There are a number of different ‘experiments with kids’ books around. Pinterest is also full of ideas. I personally find them so overwhelming. Not only do I rarely have everything I need around the house, but where do you start? Do you just do the experiment? Or do you do it as part of a greater project? That depends on you and the age of your child, obviously, but I have found this 365 Awesome Science Experiments binder really useful. (Find it in the UK here* and the US here*)
We bought it for our 6 year old for Christmas and it’s full of practical science with stuff from around the house in many instances. The last one we did included a coat hanger, balloon, string, and so on. We don’t do one a day, but dip in and out as interest hits. The ‘categories’ are Astronomy, Biology, Chemistry, Geology and Geography, Physics and Weather and stretch from KS1 to whenever, since you can take the ‘why’ as deep as you like. Used alongside Google (for explanations and reasons) it’s a fantastic resource for anyone who doesn’t want to spend hours on Pinterest for each experiment you do.

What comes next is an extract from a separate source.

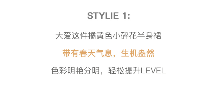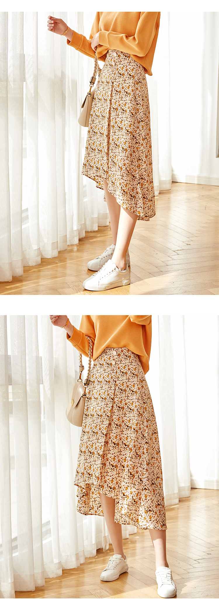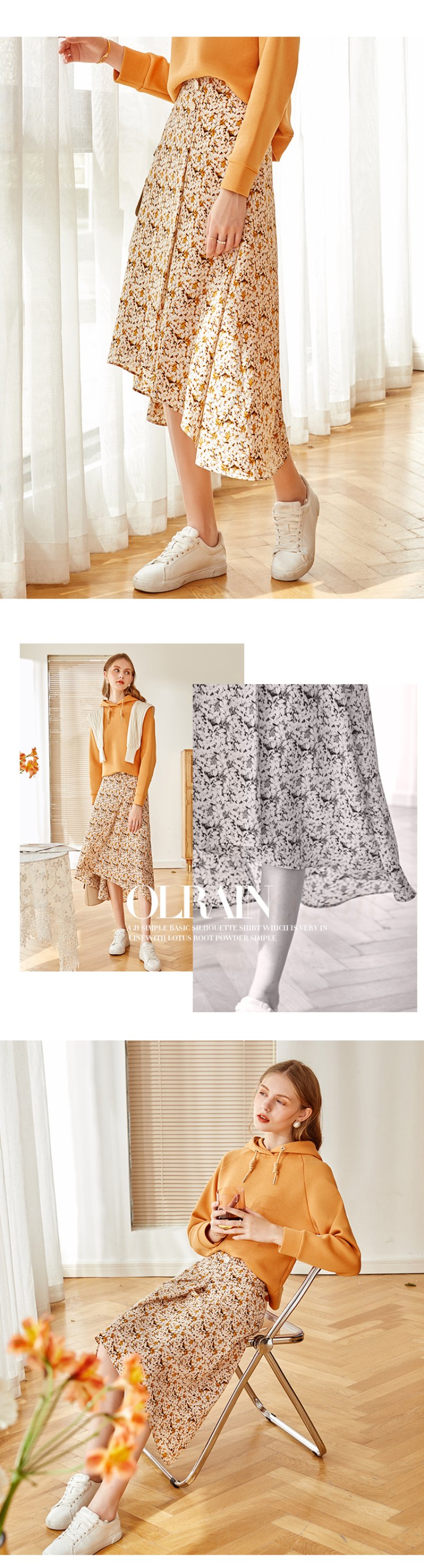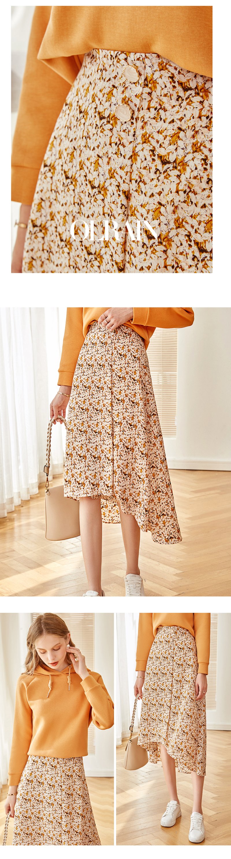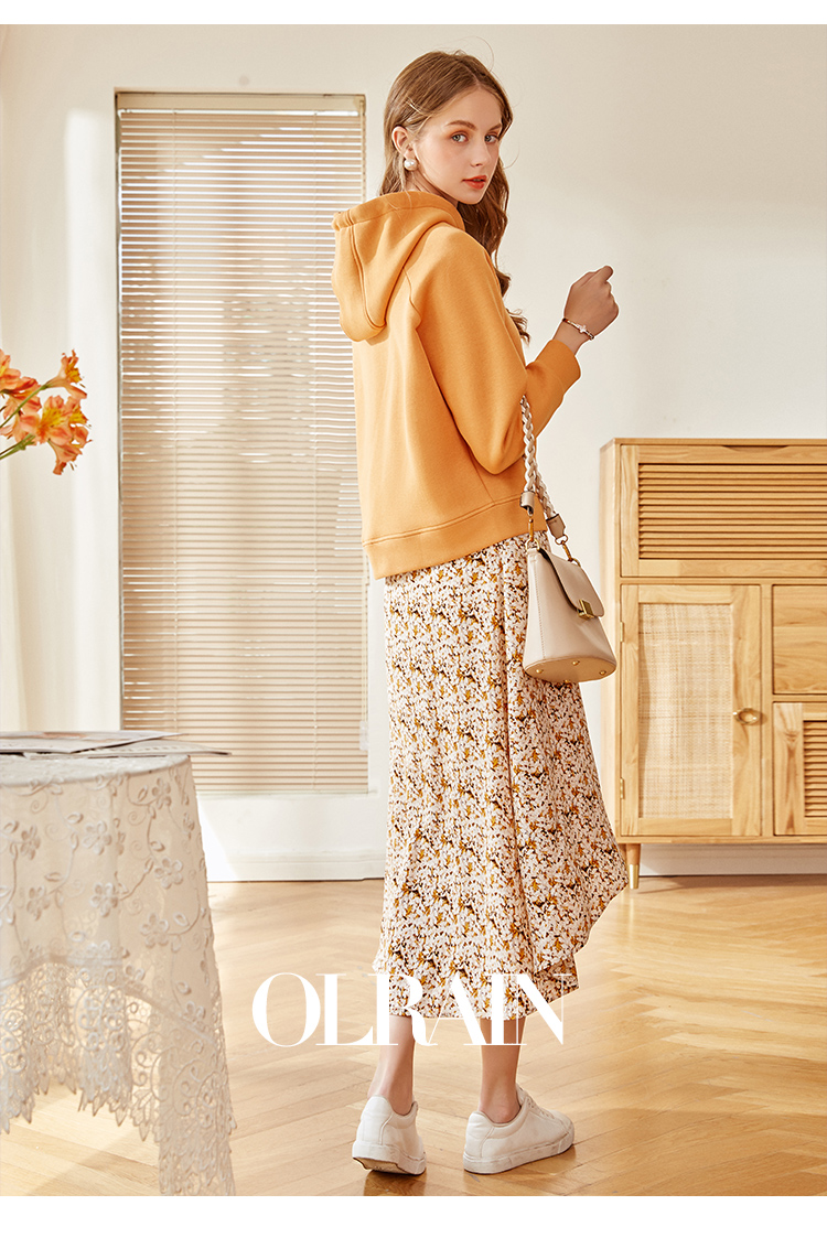 欧芮儿橘黄碎花半身裙女春季新款搭片不规则气质优雅垂坠感A字裙

This week we were in Waitrose where they had a balloon display. There were 10 air filled balloons weighing down one helium filled balloon (maybe there was something else weighing it down too, but we couldn’t see it!) Ameli started telling me why the helium balloons weren’t floating away – because air is heavier than helium, as proven by our experiment last week! I was SO impressed that she not only remembered, but could draw on the experiment for a real life example. So impressed.
We currently receive Eco Kids Planet Magazine, Okido Magazine and Andy’s Amazing Adventures. I’ve recently also found a new one I haven’t had a chance to order just yet, called Whizz Pop Bang. Each of these magazines deals with a different aspect of science so getting the kids involved and learning in an informal way is not only fun and entertaining, but so empowering too.